Die engste CDU-Spitze trifft sich am Sonntag um 16.00 Uhr mit den drei Kandidaten für den Parteivorsitz, um die für diesen Montag geplante Entscheidung über den Wahlparteitag Anfang Dezember vorzubereiten. Das berichtete zunächst die „Bild“-Zeitung.

Das Logo mit den Buchstaben der CDU, hier ein Foto vom Februar 2020 beim Kleinen Parteitag der CDU Niedersachsen im Weserbergland-Zentrum.
Das Logo mit den Buchstaben der CDU, hier ein Foto vom Februar 2020 beim Kleinen Parteitag der CDU Niedersachsen im Weserbergland-Zentrum.

© Hauke-Christian Dittrich/dpa

Am Montag tagt der Bundesvorstand der CDU. Dann soll die Entscheidung fallen. Trivial ist das nicht. Die Bundestagswahl steht ins Haus. Die Frage der Kanzlerkandidatur ist eng verknüpft mit der des CDU-Vorsitzes. Eine Entscheidung zwischen Armin Laschet, Friedrich Merz und Norbert Röttgen muss her.

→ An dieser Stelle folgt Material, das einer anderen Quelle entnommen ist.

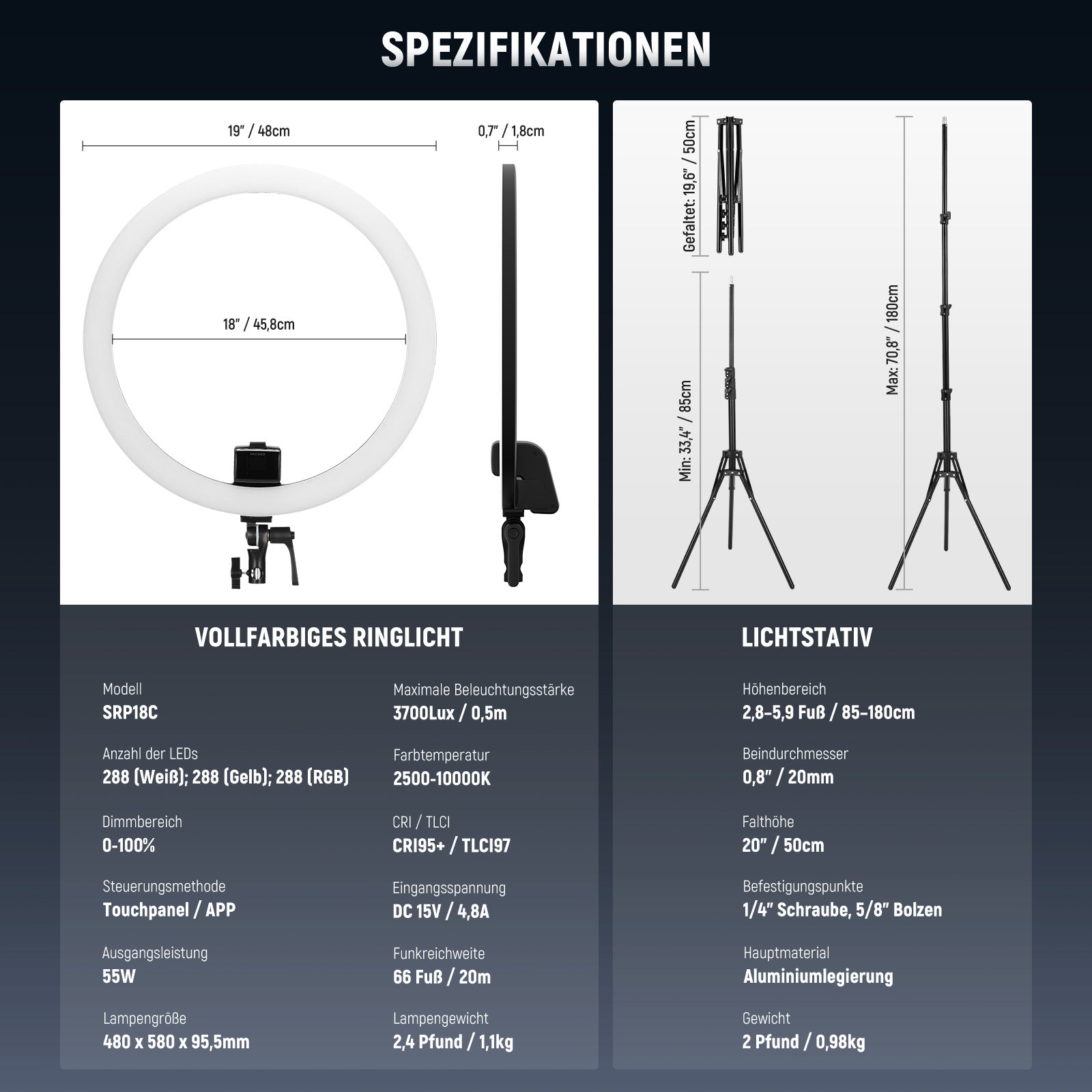- 【18" intelligentes RGB Ringleuchte】 SRP18C Ring Licht ist ein schlankes Ringlicht mit 864 hochwertigen LEDs (288 davon sind RGB), 55W Ausgangsleistung, 3700Lux/0,5m Beleuchtungsstärke und CRI 95+/TLCI 97 für eine originalgetreue Farbwiedergabe. Die flimmerfreie Beleuchtung ist ideal für Aufnahmen mit hoher Verschlusszeit und seine vielfältigen Funktionen können Live Streaming, Spiele, Make up, TikTok/YouTube Videos, Porträtfotografie und andere Kreationen erleichtern

Und je nachdem, in welcher Form der Parteitag stattfindet, könnte einer der drei profitieren.

Vibrierende Armbänder

Mehrere Szenarien stehen zur Auswahl. Die erste Möglichkeit wäre, es bei dem Termin in Stuttgart zu belassen. Das Konrad-Adenauer-Haus hat ein Hygienekonzept ausgearbeitet, das unter anderem Armbänder beinhaltet, die vibrieren, wenn ein CDUler einem anderen zu nahe kommt. Doch wegen der steigenden Infektionszahlen wird Stuttgart immer unwahrscheinlicher.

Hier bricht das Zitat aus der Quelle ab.